Custom Failure Handler

def my_handler(status):
    logger.warning(f"Agent failing: {status.failure_types}")
    return "fallback response"

@failguard(max_identical_outputs=3, on_failure=my_handler)
def agent_step(query: str) -> str:
    return llm.complete(query)

# Returns "fallback response" instead of raising

Inline Monitor

from failguard import Monitor

monitor = Monitor(max_identical_outputs=3)

for step in workflow:
    result = agent.run(step)
    status = monitor.check(result, step_name=step)

    if status.is_stuck:
        print(f"Agent stuck: {status.identical_count} repeats")
        break
    if status.has_cycle:
        print(f"Cycle detected: {status.cycle_pattern}")
        break
    if status.has_latency_drift:
        print(f"Slowdown: {status.latency_drift_ratio}x baseline")

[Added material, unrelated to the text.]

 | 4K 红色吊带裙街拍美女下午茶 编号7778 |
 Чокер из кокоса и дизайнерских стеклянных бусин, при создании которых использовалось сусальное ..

With LoopGuard (Full Reliability Suite)

from loopguard import loopguard
from failguard import failguard

@loopguard(max_repeats=5)        # Catch A→A→A (same args)
@failguard(detect_cycles=True)   # Catch A→B→A→B (different outputs)
def agent_action(query):
    return llm.complete(query)

API Reference

@failguard(**options)

Decorator for detecting failures.

Option Default Description
max_latency_drift 3.0 Alert if latency > N × baseline
max_identical_outputs 5 Alert after N identical outputs
stuck_window 60.0 Time window (seconds) for stuck detection
detect_cycles True Detect repeating patterns
cycle_min_length 2 Minimum cycle length
cycle_max_length 5 Maximum cycle length
on_failure None Callback: (FailureStatus) -> Any
raise_on_failure True Raise FailGuardError on failure

Attached methods:

  • func.reset() - Clear all state
  • func.get_status() - Get current status

Monitor(**options)

Inline monitor with same options as decorator.

monitor = Monitor()
status = monitor.check(value, step_name="step1", latency_ms=150)
monitor.reset()

FailureStatus

Status object returned by checks.

Field Type Description
has_failure bool Any failure detected
failure_types list List of FailureType values
has_latency_drift bool Latency exceeded threshold
latency_drift_ratio float Current/baseline ratio
is_stuck bool Identical outputs exceeded threshold
identical_count int Number of identical outputs
has_cycle bool Cycle pattern detected
cycle_pattern list The repeating pattern

FailGuardError

Exception raised on failure.

try:
    agent_step()
except FailGuardError as e:
    e.failure_type   # "stuck", "cycle", "latency_drift"
    e.message        # Human-readable description
    e.metrics        # Dict with relevant metrics

FailureType

Constants for failure types:

  • FailureType.LATENCY_DRIFT
  • FailureType.STUCK
  • FailureType.CYCLE

Part of the Guard Suite

FailGuard is part of a reliability suite for AI agents:

  • LoopGuard - Prevent infinite loops
  • EvalGuard - Validate outputs
  • FailGuard - Detect silent failures (this package)

License

MIT

Project details


Download files

Download the file for your platform. If you're not sure which to choose, learn more about installing packages.

Source Distribution

failguard-0.1.0.tar.gz (8.0 kB view details)

Uploaded Source

Built Distribution

If you're not sure about the file name format, learn more about wheel file names.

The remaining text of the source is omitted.